## [Assigned task]
Look in the data below for the line that has "Paviljong År 3", then print exactly every line from there through the line that has "bien-être des citoyens.", leaving pictures out.

## [Supplied data]
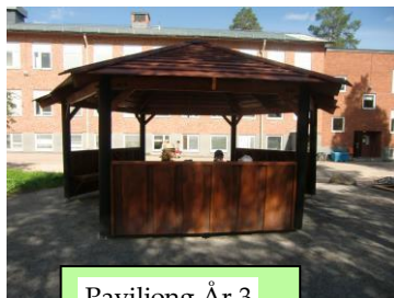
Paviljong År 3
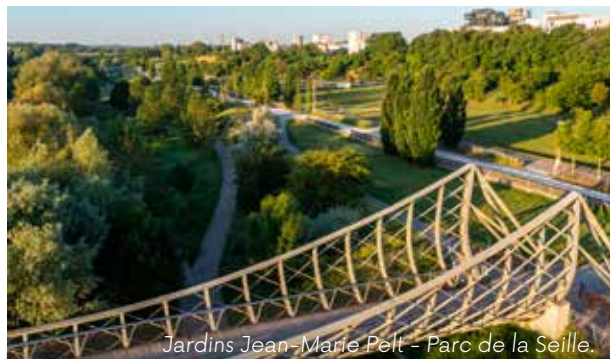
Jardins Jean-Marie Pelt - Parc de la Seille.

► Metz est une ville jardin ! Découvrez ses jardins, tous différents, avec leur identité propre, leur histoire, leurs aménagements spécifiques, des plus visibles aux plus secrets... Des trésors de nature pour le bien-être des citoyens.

...

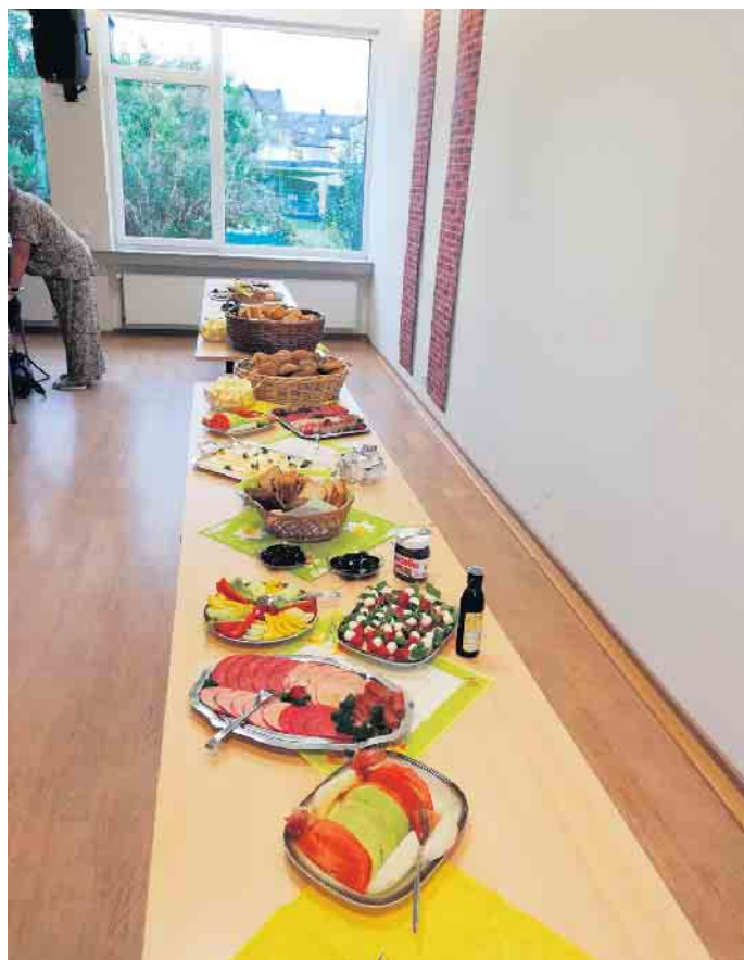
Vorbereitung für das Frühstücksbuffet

## [Your response]
Paviljong År 3
Jardins Jean-Marie Pelt - Parc de la Seille.

► Metz est une ville jardin ! Découvrez ses jardins, tous différents, avec leur identité propre, leur histoire, leurs aménagements spécifiques, des plus visibles aux plus secrets... Des trésors de nature pour le bien-être des citoyens.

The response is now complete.